Copy out again, unchanged, the listing below from the line that has "On peut ici" through the line that has "Copyright © 2002-2019".
Segment Start: Source material
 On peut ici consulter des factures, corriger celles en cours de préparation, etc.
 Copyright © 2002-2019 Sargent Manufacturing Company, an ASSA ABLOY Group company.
Segment End: Source material
Segment Start: Source material
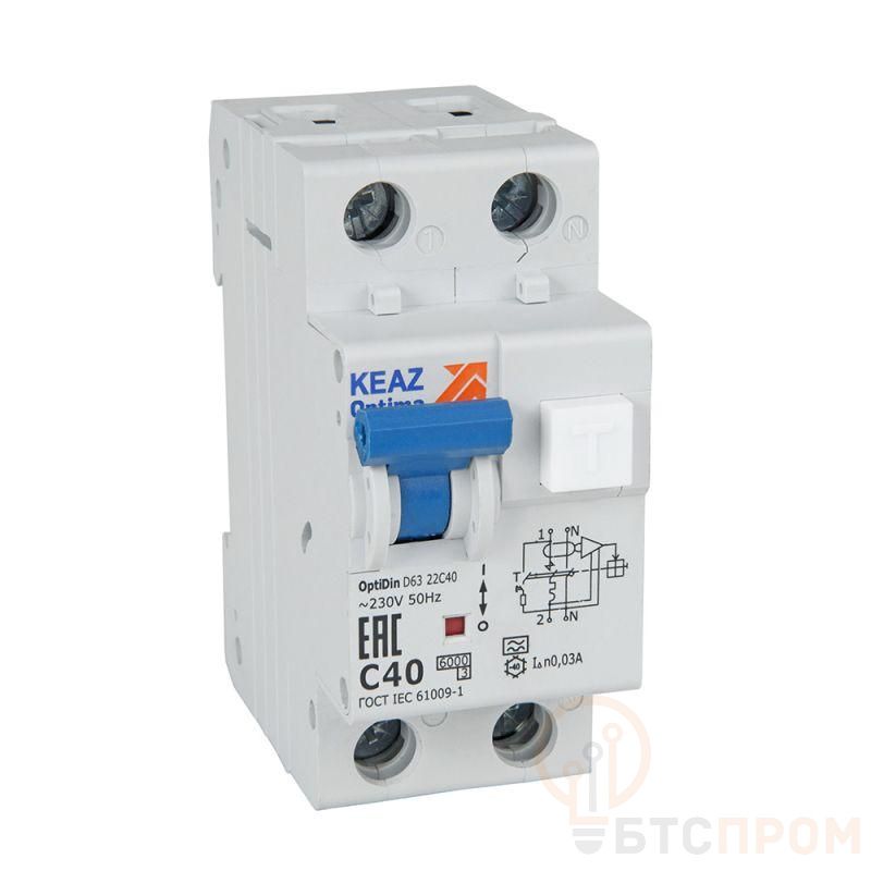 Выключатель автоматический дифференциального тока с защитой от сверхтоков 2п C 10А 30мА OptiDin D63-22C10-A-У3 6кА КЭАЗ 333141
Segment End: Source material
Segment Start: Source material
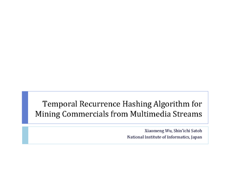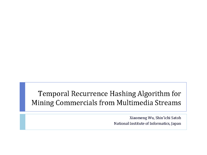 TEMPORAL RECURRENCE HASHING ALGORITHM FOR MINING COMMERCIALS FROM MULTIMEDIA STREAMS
Segment End: Source material
§ Solution to this problem:
 On peut ici consulter des factures, corriger celles en cours de préparation, etc.
 Copyright © 2002-2019 Sargent Manufacturing Company, an ASSA ABLOY Group company.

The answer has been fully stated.